Accumulation of Prion Triggers the Enhanced Glycolysis via Activation of AMKP Pathway in Prion-Infected Rodent and Cell Models.

Mitochondrial dysfunction is one of the hallmarks in the pathophysiology of prion disease and other neurodegenerative diseases. Various metabolic dysfunctions are identified and considered to contribute to the progression of some types of neurodegenerative diseases. In this study, we evaluated the status of glycolysis pathway in prion-infected rodent and cell models. The levels of the key enzymes, hexokinase (HK), phosphofructokinase (PFK), and pyruvate kinase (PK) were significantly increased, accompanying with markedly downregulated mitochondrial complexes.
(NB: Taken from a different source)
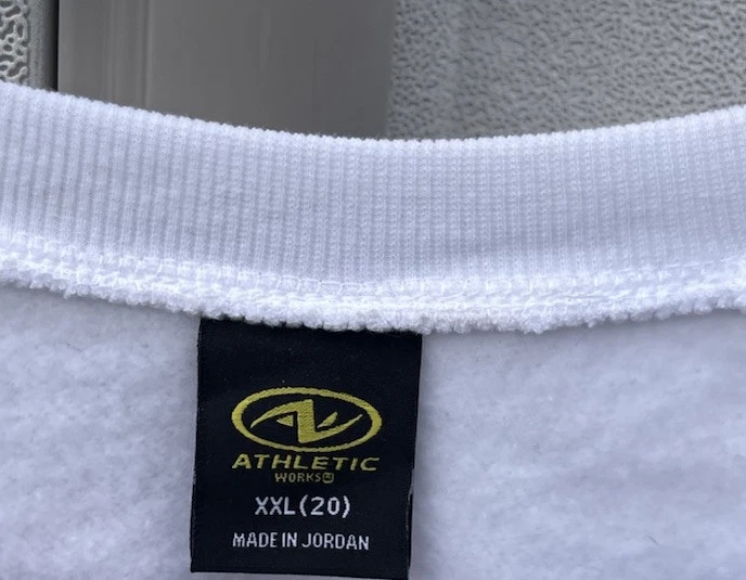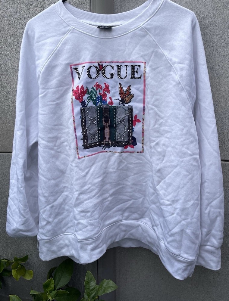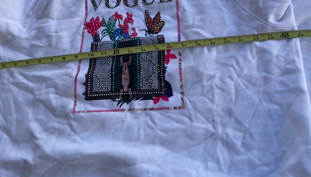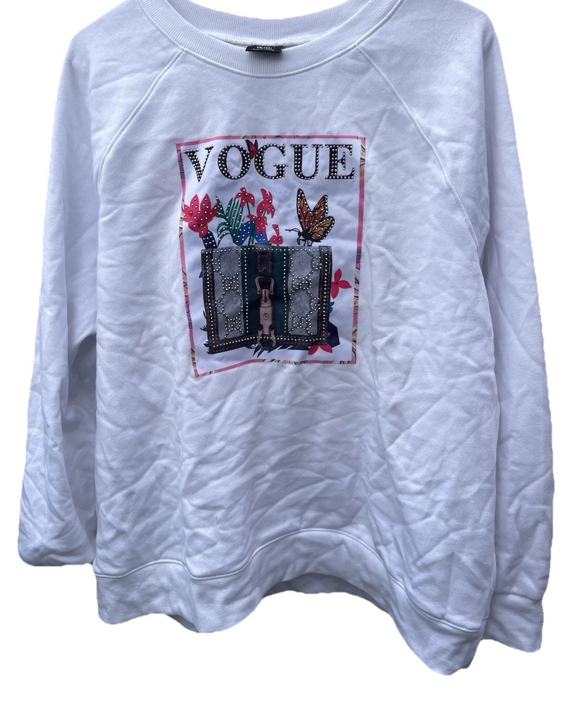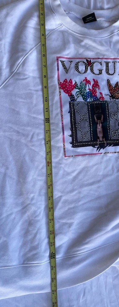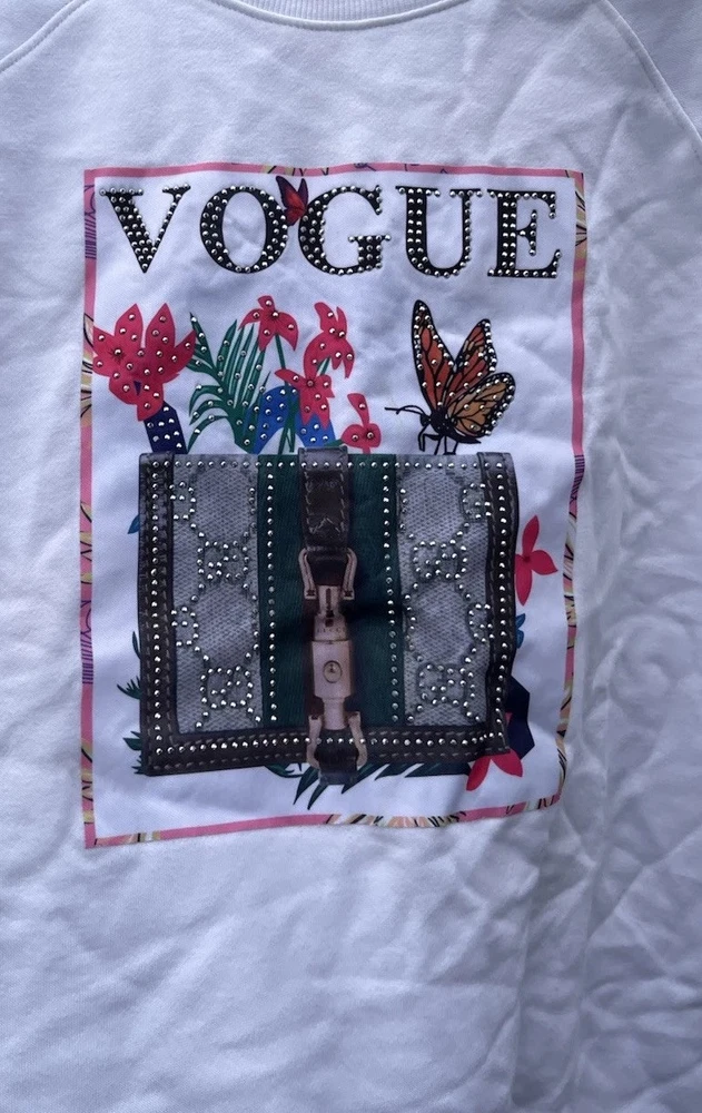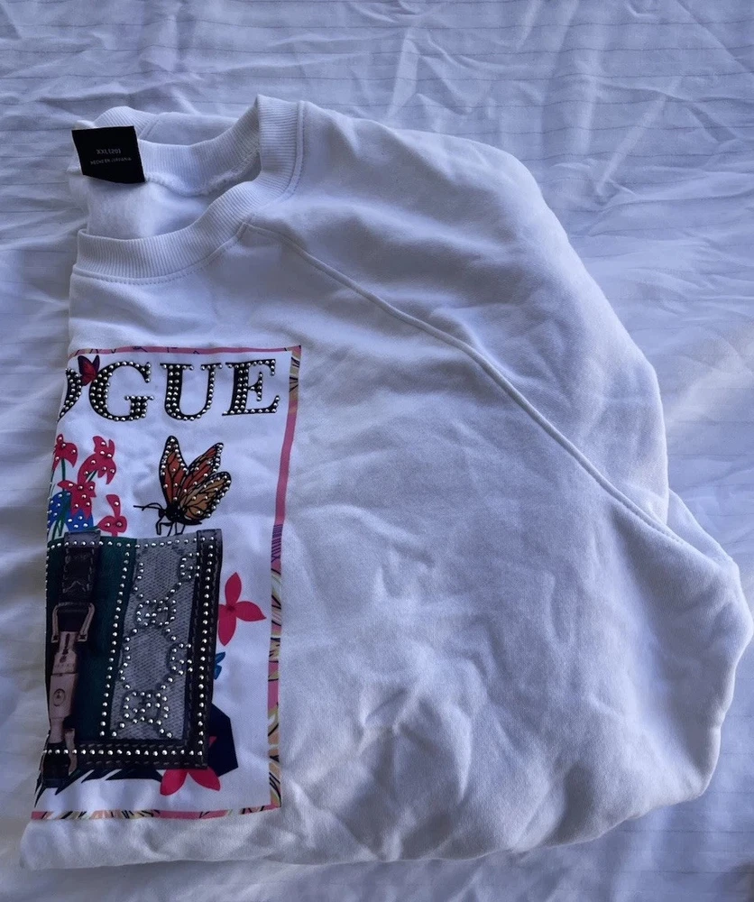 This Vintage Athletic Works Sweatshirt is a stylish and unique piece featuring designer stones and a Vogue theme, making it a standout addition to any wardrobe. The pullover design with a crew neck and long sleeves offers a cozy fit, perfect for casual wear or various occasions like parties, travel, or everyday activities. Made from a comfortable fleece fabric in a size 2XL, this 1980s sweatshirt in pink color with jewel, glitter, and studded accents exudes a retro charm that is both fashionable and eye-catching. Perfect for those who appreciate vintage fashion with a touch of luxury and sportswear influences.

Double-stained IFAs revealed that the increased HK2 and PFK distributed widely in GFAP-, Iba1-, and NeuN-positive cells. We also identified increased levels of AMP-activated protein kinase (AMPK) and the downstream signaling. Changes of AMPK activity in prion-infected cells by the AMPK-specific inhibitor or activator induced the corresponding alterations not only in the downstream signaling, but also the expressions of three key kinases in glycolysis pathway and the mitochondrial complexes. Transient removal or complete clearance of prion propagation in the prion-infected cells partially but significantly reversed the increases of the key enzymes in glycolysis, the upregulation of AMPK signaling pathway, and the decreases of the mitochondrial complexes. Measurements of the cellular oxygen consumption rate (OCR) and extracellular acidification rate (ECAR) showed lower OCR and higher ECAR in prion-infected cell line, which were sufficiently reversed by clearance of prion propagation. Those data indicate a metabolic reprogramming from oxidative phosphorylation to glycolysis in the brains during the progression of prion disease. Accumulation of PrP^Sc is critical for the switch to glycolysis, largely via activating AMPK pathway.